Разумеется, и страховые компании тоже не дремали, пытаясь протоптать тропинки к семейным кошелькам. Они снижали ставки страховых взносов, активно работали с населением, продавливая его полуинстинктивное сопротивление, доходя до каждого домохозяйства, не брезгуя копеечными суммами. Активно использовались и средства массовой информации. Для пропаганды привлекались известные люди, в том числе более

4 О подобном сопротивлении общества безудержной экспансии рыночных отношений, см.: Поланьи К. Великая трансформация: политические и экономические истоки нашего времени. СПб.: Алетейя, 2002.

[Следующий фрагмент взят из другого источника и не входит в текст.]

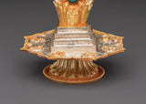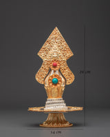 This Handmade Spiritual Torma is an essential Tibetan ceremonial relic intended to enhance your spiritual path. Standing 26 cm tall, it is precisely crafted with gold-plated and silver-plated elements, as well as copper and artificial stones such as coral and turquoise. The Torma harnesses the sacred forces of wisdom and compassion, as represented by its intricate designs. This relic, whether put on an altar or in a meditation space, enriches your spiritual activities by facilitating connection with heavenly forces and fostering calm and clarity.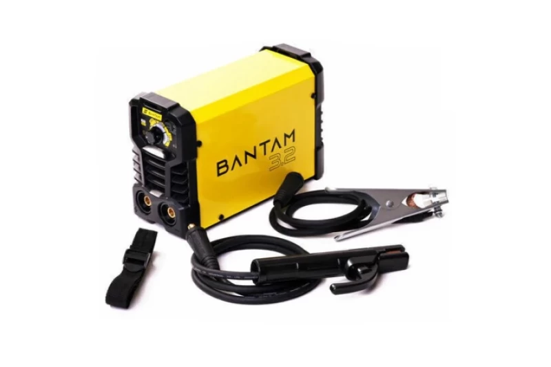 La Bantam 3,2 es ideal para electrodos de hasta 3,25 mm Lista para usar. incluye pinza porta electrodos, pinza de masa, manual y correa para hombro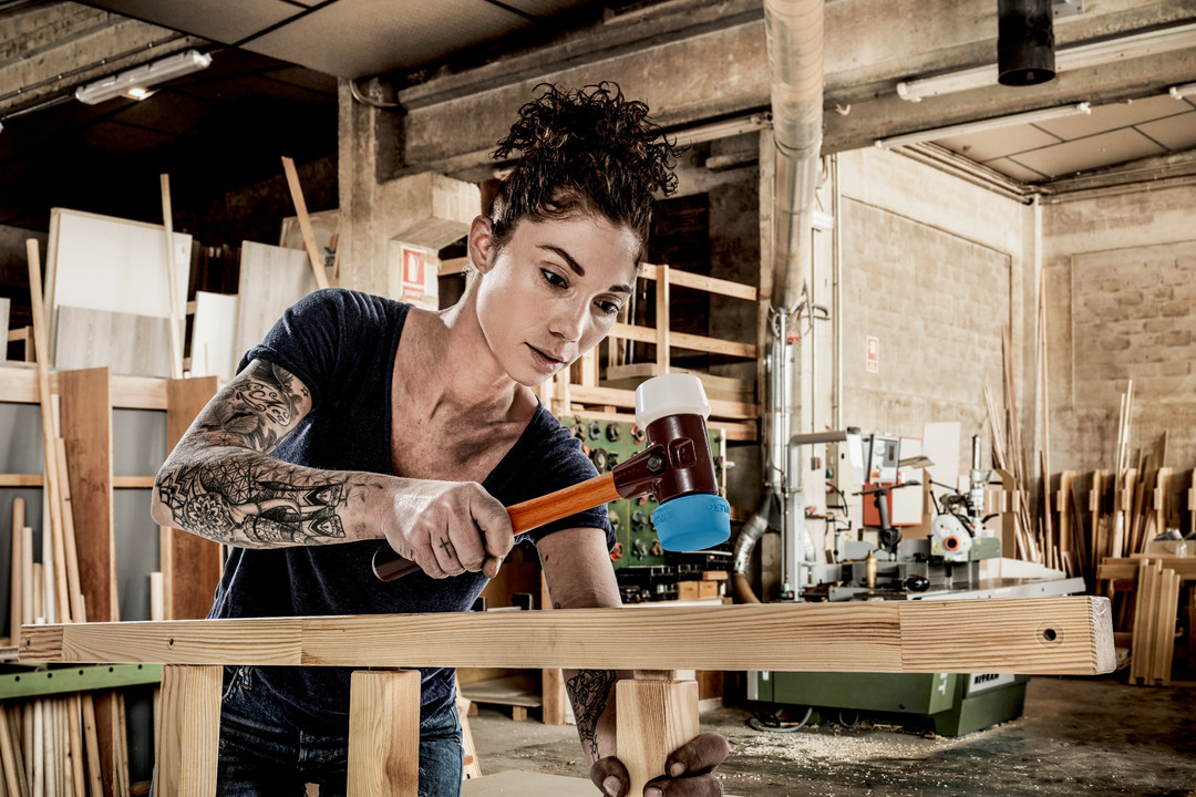 Das extra leichte Aluminium-Gehäuse mit integrierter Stielschutzhülse lässt den Anwender die Schlagkraft gut kontrollieren und selbst bestimmen. Somit können bruchempfindliche Materialien bearbeitet werden. Es macht den Schonhammer zudem zu einem sehr leichten Werkzeug, das einfach mitzuführen ist.

либерально настроенные священнослужители, которые поясняли, что страхование жизни -дело вполне богоугодное.

Но решающая причина преодоления социокультурных барьеров заключалась не в этом. Победа была достигнута благодаря тому, что ценностные ориентиры, вызывающие сопротивление страхованию жизни, были в конечном счете вытеснены другими ценностными ориентирами, которые этому страхованию благоприятствовали. Следуя известной поговорке, «клин вышибается клином».

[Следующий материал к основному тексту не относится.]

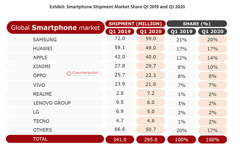 ที่มา : Counterpoint Research: Quarterly Market Monitor Q1/2020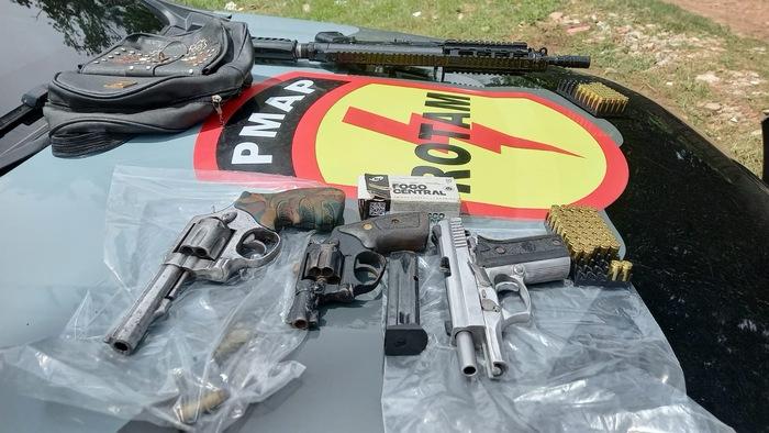 Após o confronto, os policiais realizaram buscas na residência e apreenderam um verdadeiro arsenal, composto por dois revólveres, uma pistola e uma arma longa, que será submetida à perícia para verificação de funcionamento.
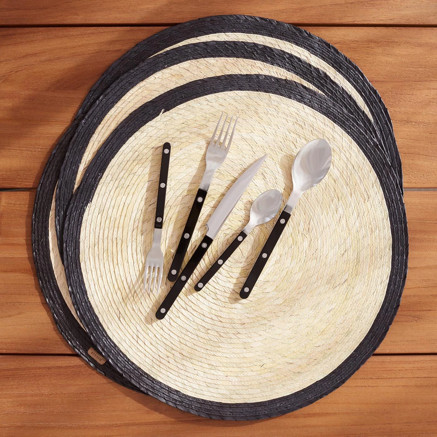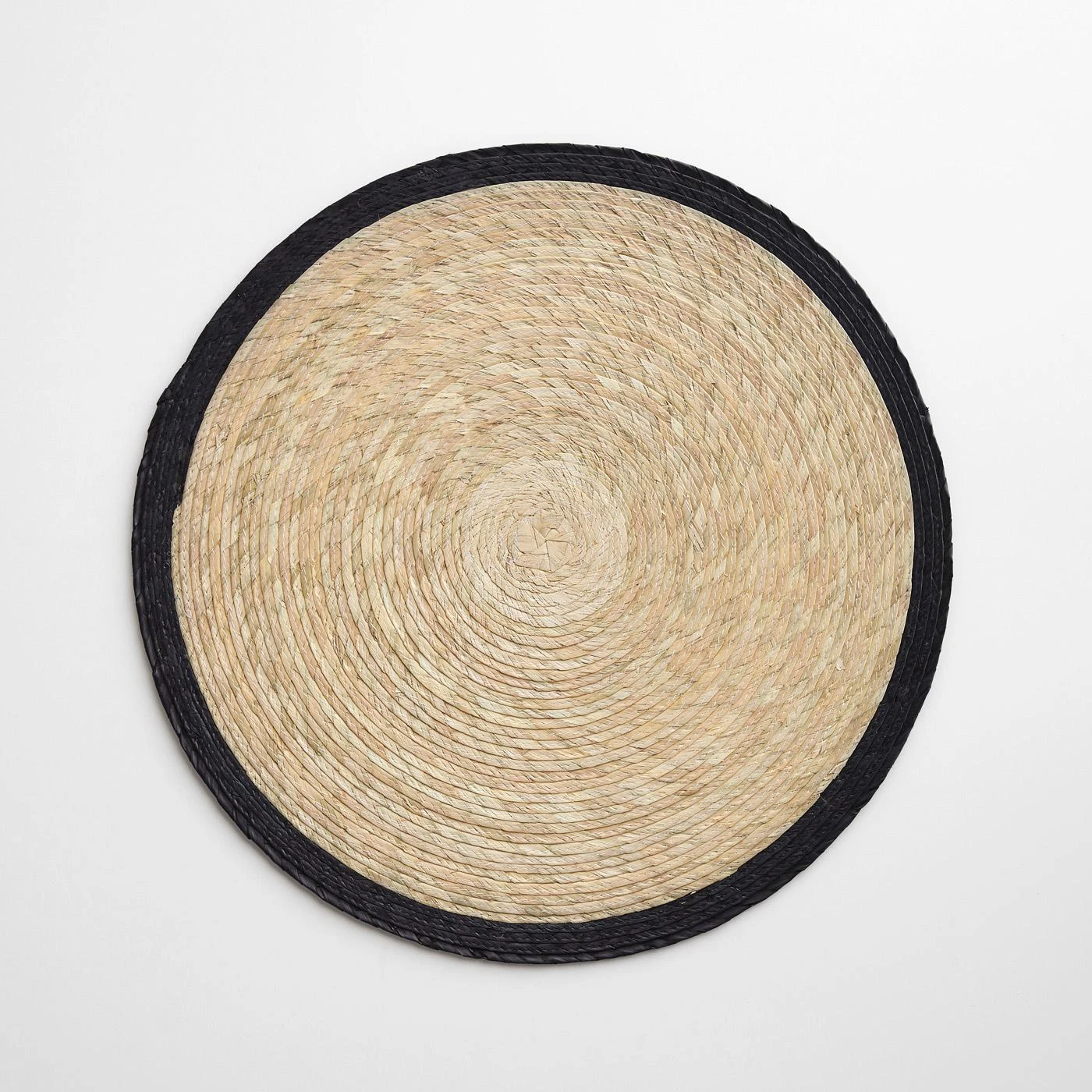 - Hand-braided natural and dyed palm leaves.

Что же легло на чашу весов с другой стороны, благоприятствующей страховому делу? Там оказались не менее весомые плоды культуры. Например, задолго до появления страхового бизнеса существовала хорошо укорененная традиция тратить немалые деньги на похороны родных и близких. Причем, деньги тратились относительно независимо от благосостояния семьи. Даже самые бедные семьи в случае смерти родственников пытались «достойно проводить их в последний путь». Быть «похороненным как нищий» за счет государства или, как говаривали в советской России, в «марлевом гробу» - было величайшим позором, который мог серьезно уронить статус семьи в локальном сообществе. Приходилось напрягать последние материальные возможности (откладывать деньги, занимать их, просить помощи) для того, чтобы оплатить столь «необязательные» с точки зрения стороннего наблюдателя вещи, как богатые траурные церемонии и щедрые ритуальные угощения, нацеленные на сохранение своего социального статуса.

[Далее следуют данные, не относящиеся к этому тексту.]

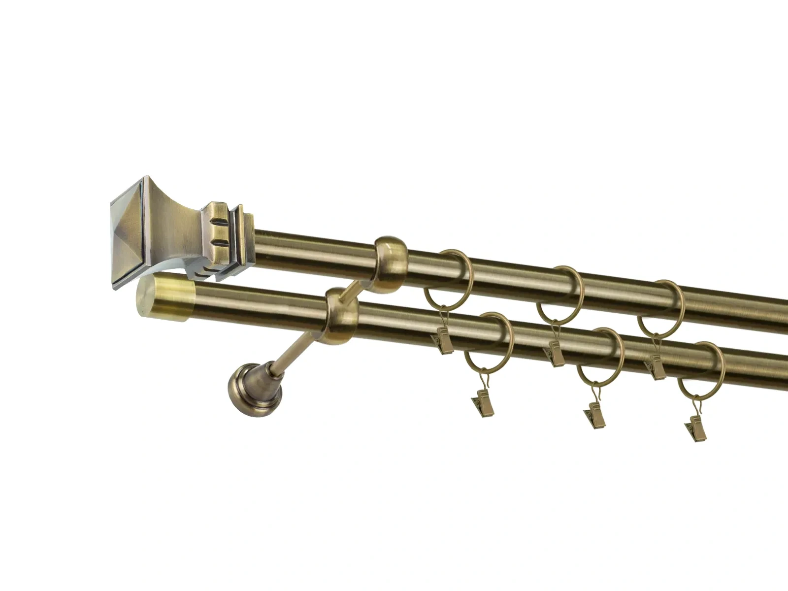 Kvalitné kovové dvojradové garniže o priemere tyčí 25x25mm. Všetky tyče, koncovky a držiaky sú s povrchovou úpravou galvanizácie.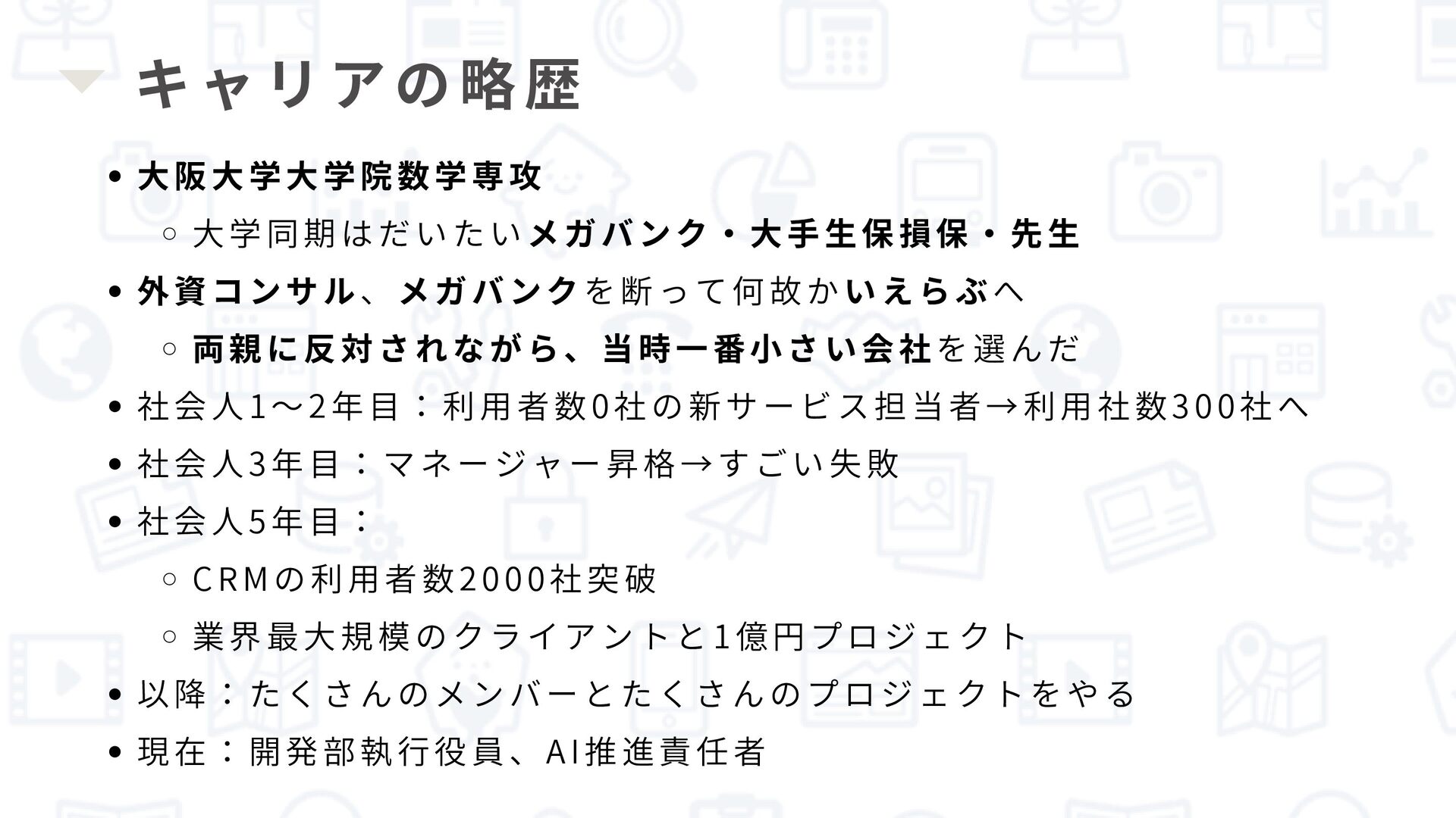 社会人1~2年目:利用者数0社の新サービス担当者→利用社数300社へ 社会人3年目:マネージャー昇格→すごい失敗 社会人5年目: CRMの利用者数2000社突破 業界最大規模のクライアントと1億円プロジェクト 以降:たくさんのメンバーとたくさんのプロジェクトをやる 現在:開発部執行役員、AI推進責任者

В этой связи стоит добавить, что сакральное (не калькулятивное) отношение к жизни и смерти порождает определенные финансовые следствия. Перед лицом смерти деньги как бы теряют свое значение, в результате торговаться с «гробовщиками» считается не очень уместным делом. Именно поэтому, кстати сказать, похоронный бизнес столь успешен и прибылен. Он использует эту символическую связь между деньгами и смертью, которая параллельно помогала продвигать вперед и страховое дело.

Более благоприятный фон создавало, в свою очередь, развитие естественных наук. На смену фаталистскому отношению к жизни и смерти приходил более трезвый, рациональный (если не сказать циничный) взгляд, который трактовал смерть уже не столько как магический, сколько как медицинский и социальный акт, как следствие дурной жизни - несносных условий существования, нерадивого отношения к собственному здоровью. Жизнь и смерть все более представлялись как нечто доступное контролю со стороны человека и общества. Так появлялась еще одна социокультурная ниша для страхового бизнеса.

Происходили и более глубокие изменения на ценностном уровне, в том числе фундаментальная трансформация того, что считается «достойной смертью». Когда-то таковой считалась героическая смерть на поле брани. Впоследствии все чаще представление о достойной смерти рисовало тихий уход из жизни - в своей постели, в окружении родных, в присутствии священника, отпускающего грехи. Но что более важно, подобные идиллические картины включали и важные элементы финансового свойства. Новая концепция достойной смерти заключалась не только в том, чтобы надлежащим образом прожить свою жизнь. Уйдя из жизни, надо было оставить своим родным приличное содержание.

Так деньги открывали новые пути к бессмертию. Оставляя своим близким наследство (особенно если оно отдается не сразу, а частями), человек побуждал их периодически вспоминать о нем добрым словом. Более того, деньги позволяли отчасти регулировать жизнь своих близких после кончины, предоставляя (или не предоставляя) им дополнительные финансовые возможности, связывая (или не связывая) выдачу наследства с какими-то особыми условиями - например, когда выплата содержания вдове производится до момента ее очередного замужества, а сын получает предназначенную ему сумму только при поступлении в университет.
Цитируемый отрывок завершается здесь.